### ASSIGNMENT:
Your answer must be the exact lines of the listing below that run from the line with "對比機械沖擊和模擬碰撞試驗及" to the line with "Oliver Lemm stellt", ends included, and no pictures.

### PROVIDED RECORDS:
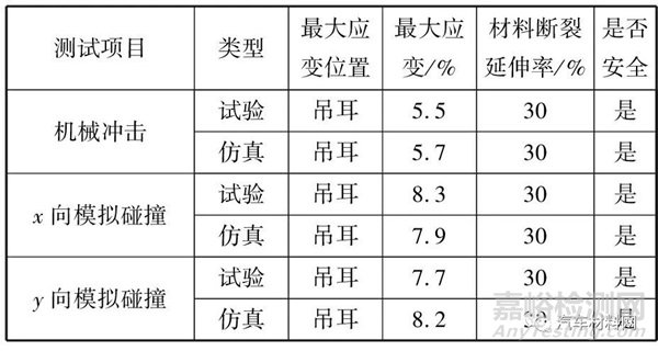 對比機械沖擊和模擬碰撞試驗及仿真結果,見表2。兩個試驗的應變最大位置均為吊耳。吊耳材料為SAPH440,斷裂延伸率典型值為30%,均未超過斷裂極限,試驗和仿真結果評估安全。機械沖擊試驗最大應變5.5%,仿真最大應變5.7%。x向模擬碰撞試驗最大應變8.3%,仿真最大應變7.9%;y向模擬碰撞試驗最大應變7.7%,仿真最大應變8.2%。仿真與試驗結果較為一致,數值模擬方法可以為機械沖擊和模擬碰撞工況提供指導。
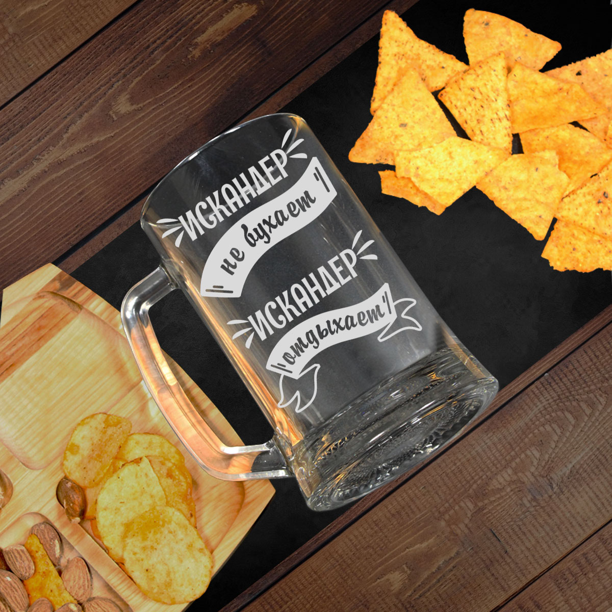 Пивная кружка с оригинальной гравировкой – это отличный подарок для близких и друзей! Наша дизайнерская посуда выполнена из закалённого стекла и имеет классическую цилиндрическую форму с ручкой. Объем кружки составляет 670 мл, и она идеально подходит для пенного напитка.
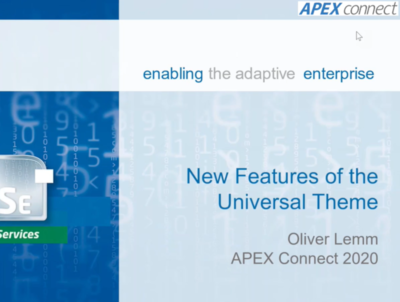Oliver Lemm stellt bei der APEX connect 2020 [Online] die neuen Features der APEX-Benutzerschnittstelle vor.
* * *
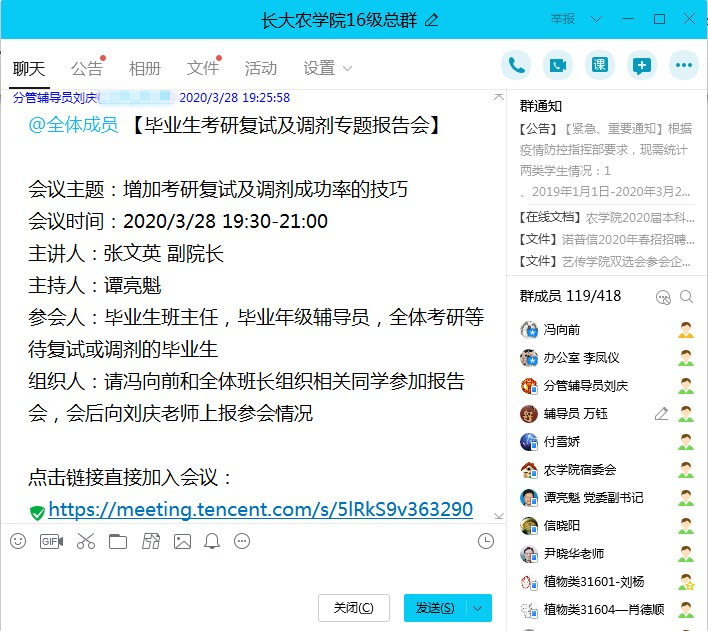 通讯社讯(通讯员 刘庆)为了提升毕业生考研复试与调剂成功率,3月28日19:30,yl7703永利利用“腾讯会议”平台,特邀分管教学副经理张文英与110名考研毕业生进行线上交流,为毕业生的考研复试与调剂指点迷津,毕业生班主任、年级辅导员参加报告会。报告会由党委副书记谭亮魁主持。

### EXPECTED ANSWER:
 對比機械沖擊和模擬碰撞試驗及仿真結果,見表2。兩個試驗的應變最大位置均為吊耳。吊耳材料為SAPH440,斷裂延伸率典型值為30%,均未超過斷裂極限,試驗和仿真結果評估安全。機械沖擊試驗最大應變5.5%,仿真最大應變5.7%。x向模擬碰撞試驗最大應變8.3%,仿真最大應變7.9%;y向模擬碰撞試驗最大應變7.7%,仿真最大應變8.2%。仿真與試驗結果較為一致,數值模擬方法可以為機械沖擊和模擬碰撞工況提供指導。
 Пивная кружка с оригинальной гравировкой – это отличный подарок для близких и друзей! Наша дизайнерская посуда выполнена из закалённого стекла и имеет классическую цилиндрическую форму с ручкой. Объем кружки составляет 670 мл, и она идеально подходит для пенного напитка.
Oliver Lemm stellt bei der APEX connect 2020 [Online] die neuen Features der APEX-Benutzerschnittstelle vor.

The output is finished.